Investigation of phase transitions of saturated phosphocholine lipid bilayers via molecular dynamics simulations.

Lipid bilayers play an important role in biological systems as they protect cells against unwanted chemicals and provide a barrier for material inside a cell from leaking out. In this paper, nearly 30 μs of molecular dynamics (MD) simulations were performed to investigate phase transitions of 1,2-dimyristoyl-sn-glycero-3-phosphocholine (DMPC) and 1,2-dipalmitoyl-sn-glycero-phosphocholine (DPPC) lipid bilayers from the liquid crystalline (Lα ) to the ripple (Pβ ) and to the gel phase (Lβ ). Our MD simulations accurately predict the main transition temperature for the single-component bilayers. A key focus of this work is to quantify the structure of the Pβ phase for DMPC and compare with measures from x-ray experiments.

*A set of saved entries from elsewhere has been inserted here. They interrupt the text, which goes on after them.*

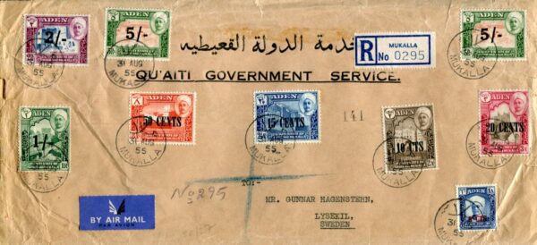 Aden – Qu’aiti State in Hadhramaut: 1955 (31 August). Registered Qu’aiti Government Service long cover to Sweden franked with complete set and additional 5s on5r of new currency surcharged on Sultan of Shihr and Mukalla pictorials tied by MUKALLA datestamps. Reverse 2 September Mukalla and next day Aden GPO transit and 7 September Lysekil arrival cds’s. stamps catalogue £120. Sg. 20/27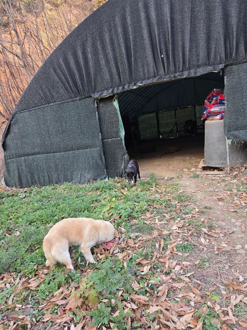 오후한가한시간에 올가을 송이능이 도독놈들을 경비서느라 고생한 검둥이 백구 겨울살이 준비와무주육류백화점에서 부설물을 주었드니 생오 닭을맞있게 먹고 있네요
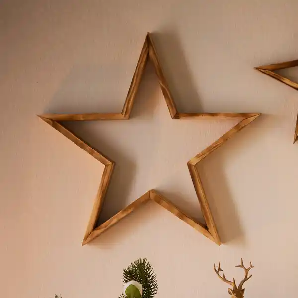 Dieser Deko-Stern azs Holz von Home ist eine stilvolle Ergänzung für Ihr Zuhause und überzeugt durch seinen modernen, geflammten Look. Die MDF-Ausführung bietet Ihnen Dekorationsvielfalt in zwei Größen. Verschönern Sie Wohn- oder Arbeitsbereich und setzen Sie gezielte Akzente mit diesem ansprechenden Dekoelement. Moderner Deko Stern Holz im geflammten Look In zwei Größen verfügbar: S ca. Ø 26,5 cm, L ca. Ø 42 cm Aus MDF gefertigt Dekorativ und vielseitig einsetzbar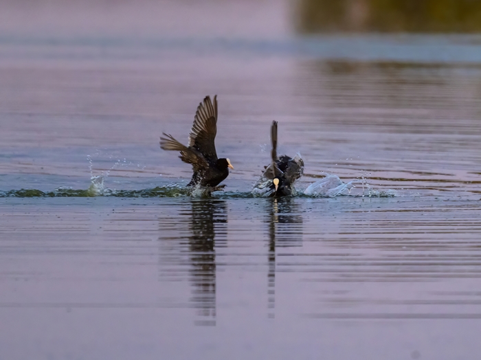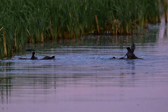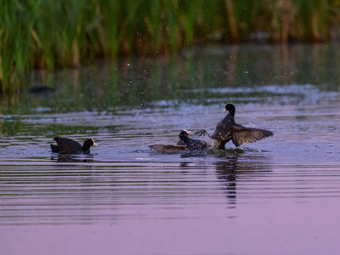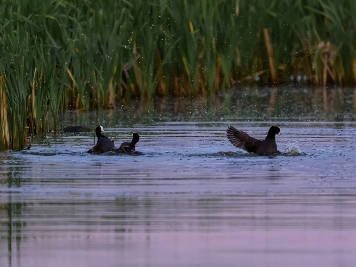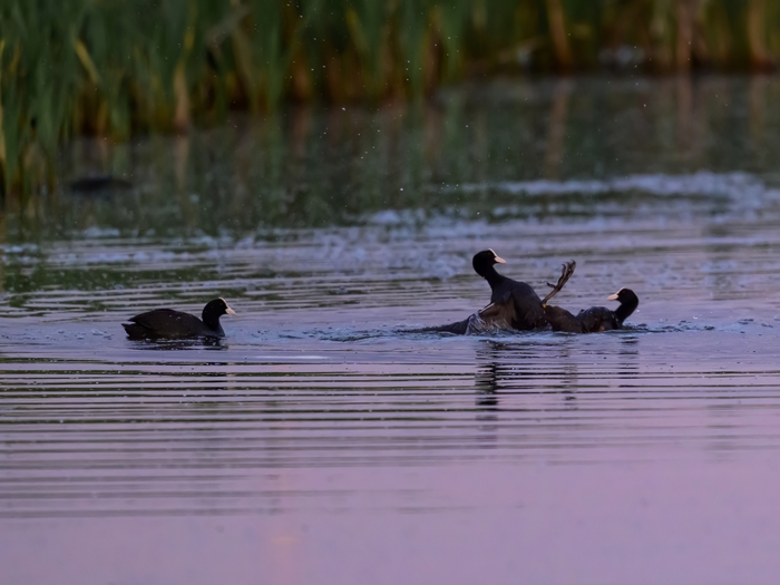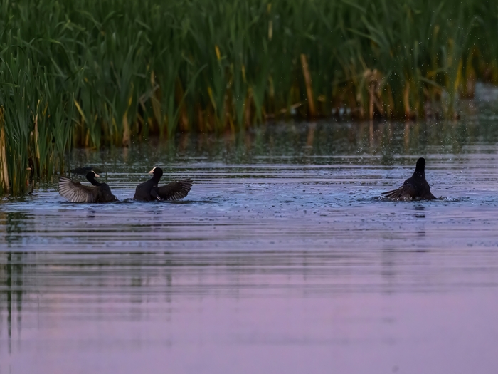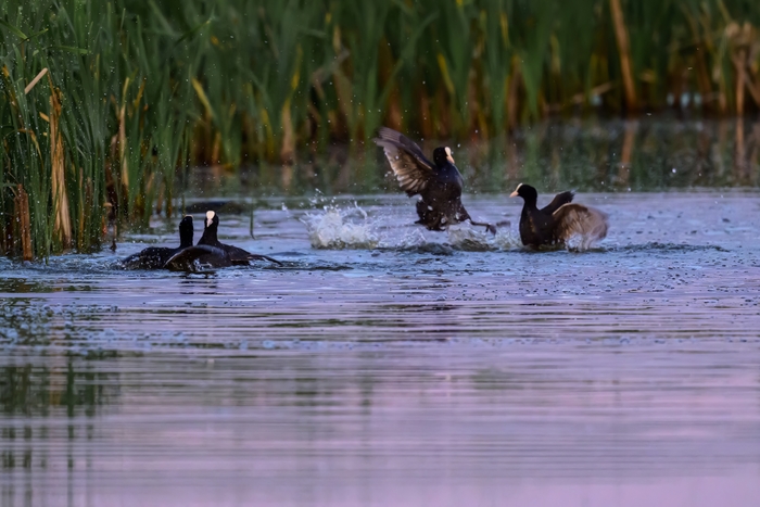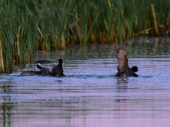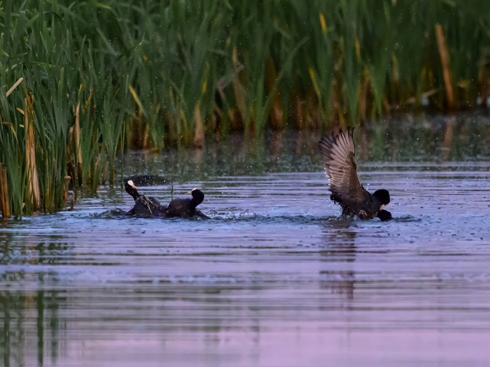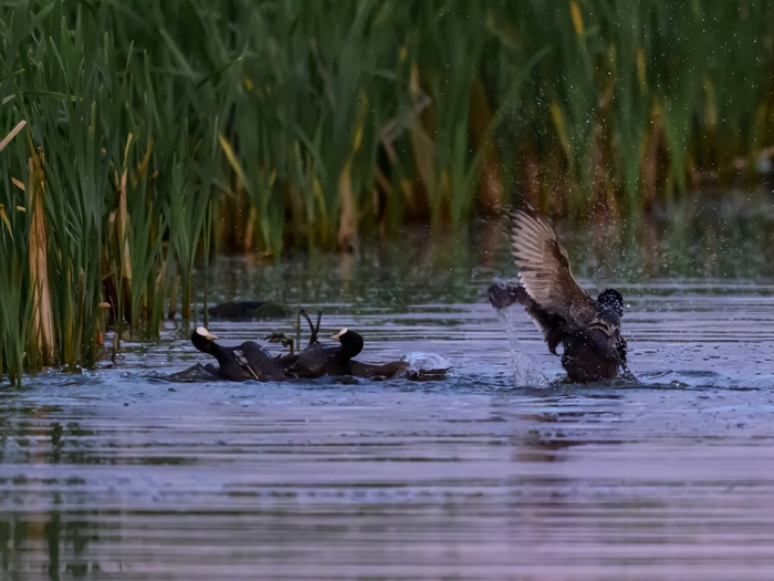 Утро в нашем болоте началось с драки двух пар лысух. Не поделили территорию, а именно, отмель с зарослями рогоза, где удобно кормиться.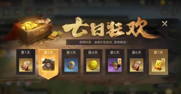 再瞧瞧那七日狂欢活动。活动第二天就送橙将孙策及高价值道具,这个力度在众多同类型游戏中可是少见的。孙策作为三国时期的一员猛将,在游戏里的战斗力也不容小觑,能够帮助新手玩家在前期就轻松应对各种战斗。很多新手靠着这个橙将孙策,在游戏初期可谓是顺风顺水,快速地成长起来。而且除此之外,活动期间还有大量其他的好东西等着大家去拿。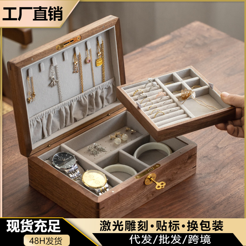 Black Walnut Solid Wood Jewelry Box with Interlayer Storage, Lockable Jewelry Box for Rings, Necklaces, Bracelets, Vintage Wooden Box
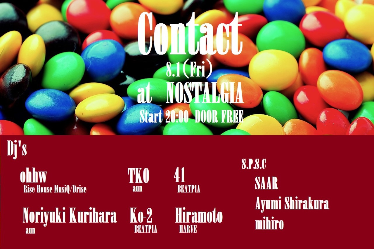 普段は通常営業中のラウンジスタイルでやっているcon tact.ですが、八月はパーティースタイルにての開催 です!朝まで遊びましょう!ゲストも個性豊かなメンツで すので、楽しめると思います!御殿場お祭りの前夜!8. 1は御殿場ノスタルジア集合でお願い致します。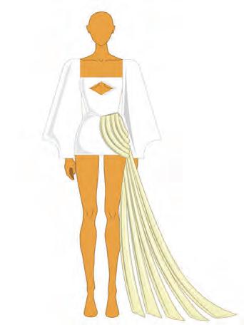 O criativo utiliza uma variedade de tecidos sustentáveis, incluindo fibras naturais, algodão, paetês ecológicos da Moltec, com produção 100% manual e descarte zero, além de miçangas de madeira e canutilhos de vidro. A paleta de cores transita entre azul noturno, azul céu, amarelo, off-white, marrom ouro e bege natural, representando diferentes aspectos da liberdade e prosperidade, temas centrais da coleção.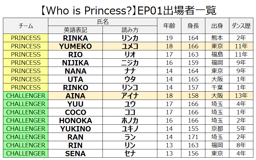Who is Princess?ではミッションごとの実力に応じて、デビューに近い「PRINCESS組」とデビューから遠い「CHALLENGER組」に分けられて、それぞれ課題をこなぢていきます。
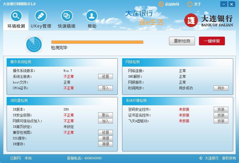 大连银行网银助手是一款小巧专业的网上银行安全辅助工具,此款软件功能强劲,便捷好用,支持进行Ukey管理,帮助用户一次性完成所有控件、驱动程序安装,集成化安装非常的简单易用。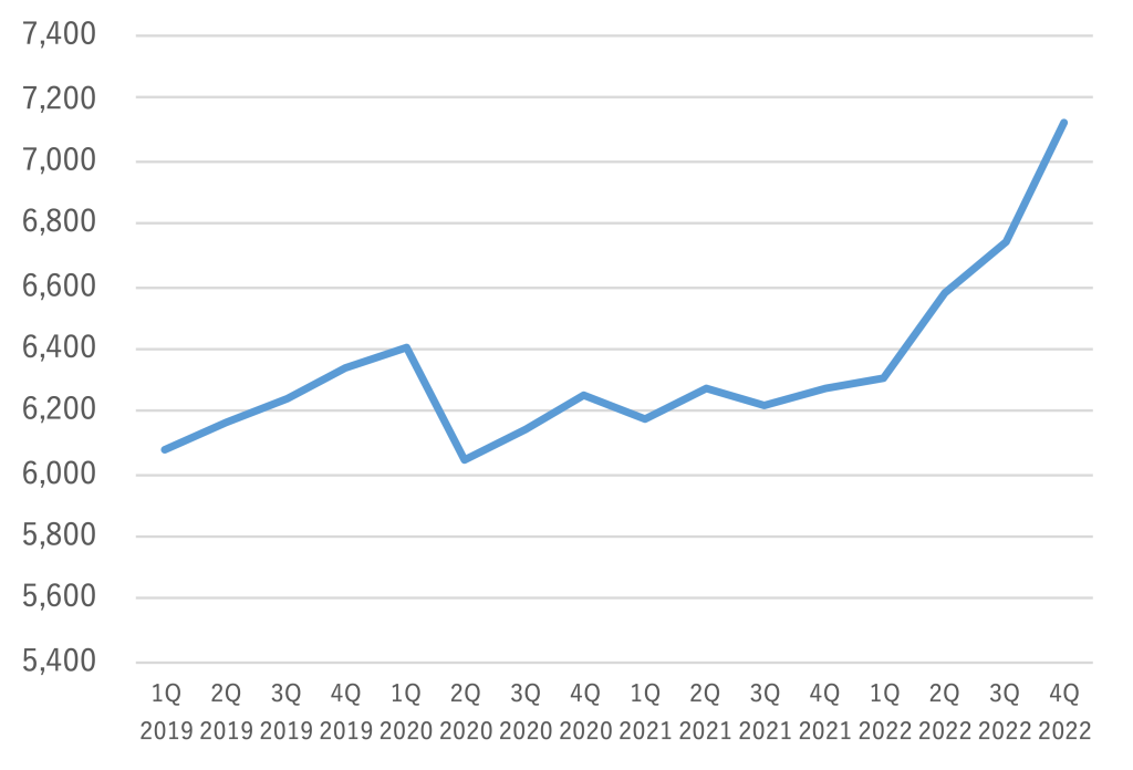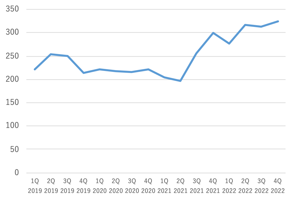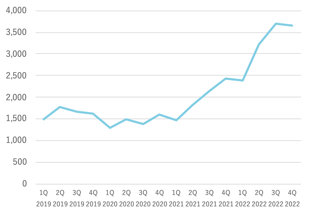 Figure 1-1 : Changes in the number of syphilis patients from 1Q 2019 to 4Q 2022 ( disease conditions only )

The Pβ major arm has similar structure to that of the Lβ , while the thinner minor arm has interdigitated chains and the transition region between these two regions has large chain splay and disorder. At lower temperatures, our MD simulations predict the formation of the Lβ phase with tilted fatty acid chains. The Pβ and Lβ phases are studied for mixtures of DMPC and DPPC and compare favorably with experiment. Overall, our MD simulations provide evidence for the relevancy of the CHARMM36 lipid force field for structures and add to our understanding of the less-defined Pβ phase.